First you will need to download the modeling_gpt.py file from the repo. Once that's been done, you can define another file and use the following code to generate text from the model:

```python
from modeling_gpt import GPTLanguageModel
from transformers import AutoTokenizer
import torch

model_name = "orature/ALIF-Base-100M"
model = GPTLanguageModel.from_pretrained(model_name)
tokenizer = AutoTokenizer.from_pretrained(model_name)

# For text generation
prompt_urdu = "ایک دفعہ کا ذکر ہے کہ " # "Once upon a time, "
inputs = tokenizer.encode(prompt_urdu)
inputs_tensor = torch.tensor(inputs).unsqueeze(0)  # Add batch dimension

# Generate text
outputs = model.generate(inputs_tensor, max_new_tokens=64, temperature=0.7)
outputs_tensor = torch.tensor(outputs).unsqueeze(0)
generated_text = tokenizer.decode(outputs_tensor[0].squeeze().tolist())

print(f"Prompt: {prompt_urdu}")
print(f"Generated Text: {generated_text}")
```

## Model Description

**ALIF Base 100M** is designed to generate coherent and contextually relevant Urdu text. It leverages a custom Urdu tokenizer trained on the ALIF-Urdu-Corpus and was pretrained on a large corpus of diverse Urdu text.

**Key Features:**
*   Optimized for Urdu language nuances.
*   Strong foundational capabilities for further fine-tuning (for base models)
*   Capable of generating next tokens in a sequence, making it suitable for various text generation tasks.
*   Part of a series aiming to provide efficient and accessible SLMs for Urdu.
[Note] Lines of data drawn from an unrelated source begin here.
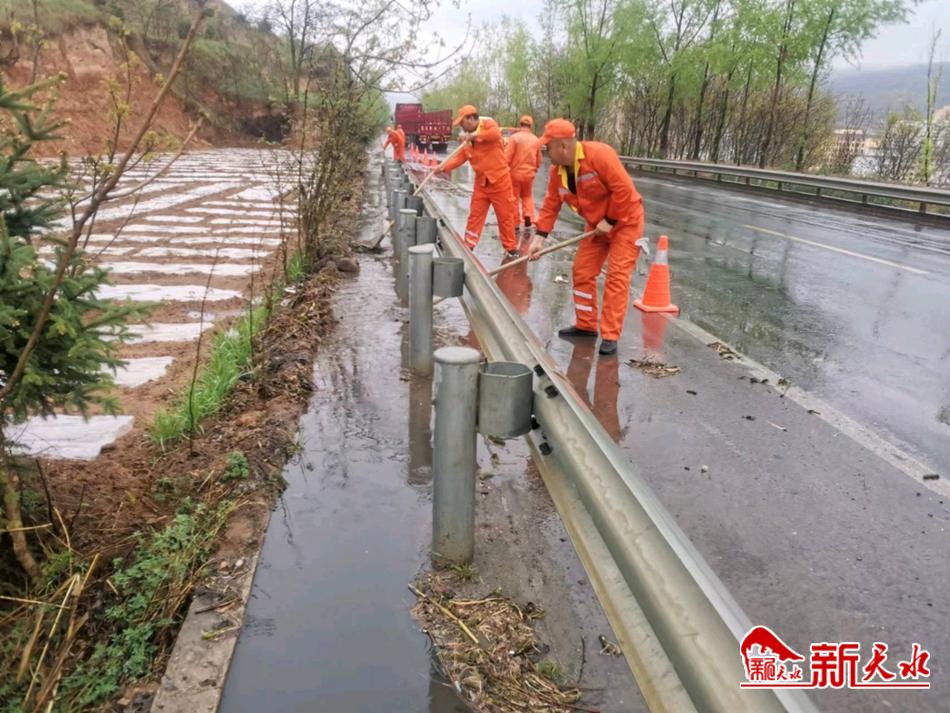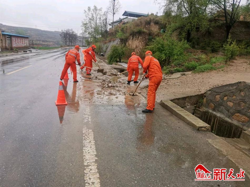 新天水讯 4月23日凌晨的强降雨,造成张家川境内的公路出现不同程度的水毁,张家川公路段积极行动,及时开展雨后公路养护,保障国省干线公路安全畅通。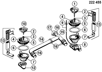 Ablaufgarnitur 2 x 3,5'' Sieb mit Bowdenzug 2 x Überlauf rechteckig (ersetzt durch 225085 und 2x118822)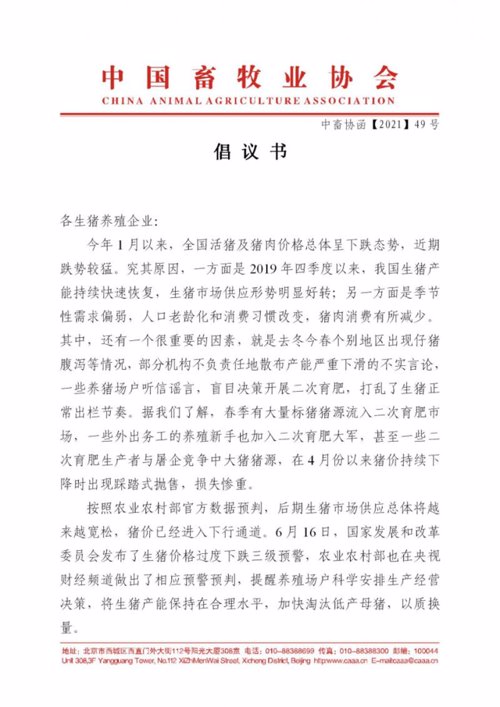 倡议书称,市场的力量是强大的。希望大家多关注农业农村部官网发布的生猪生产和市场数据,按照正常生产计划有序出栏,在价格下行阶段不要恐慌,更不要听信谣言,以赌博心态安排生产。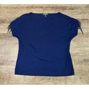 Lauren Ralph Lauren Women’s Drawstring Shoulder Boat Neck Blouse Navy Size L

## Intended Uses & Limitations

**Intended Uses:**
*   **Text Generation:** Creative writing, content generation, story completion in Urdu.
*   **Research:** Base for further research in Urdu NLP, low-resource language modeling.
*   **Fine-tuning:** Can be fine-tuned for specific downstream tasks like sentiment analysis, summarization, or domain-specific chatbots in Urdu.
*   **Educational Purposes:** Understanding SLM behavior for Urdu.
*   
**Limitations:**
*   The model is primarily trained on Urdu and may not perform well on other languages or code-switched text unless specifically designed for it (e.g., an Ur-En variant).
*   As a base generative model, it may generate plausible-sounding but incorrect or nonsensical information (hallucinations).
*   The model may reflect biases present in the training data. The ALIF-Urdu-Corpus was curated from diverse sources, but biases (e.g., societal, gender, regional) may still exist.
*   Performance on highly specific or technical domains may be limited without further fine-tuning.
*   The model does not have real-time knowledge and its information is limited to its training data.
*   Safety: While efforts are made to curate data, the model might generate offensive, harmful, or inappropriate content. Users should implement appropriate safeguards for downstream applications.

**Out-of-Scope Uses:**
*   Generating high-stakes advice (medical, legal, financial) without human oversight.
*   Impersonation or generating misleading information.
*   Applications that could lead to harm or discrimination.
*   Complex scientific, technical, mathematical, or legal reasoning without further fine-tuning.
*   Any use that violates ethical guidelines or legal standards.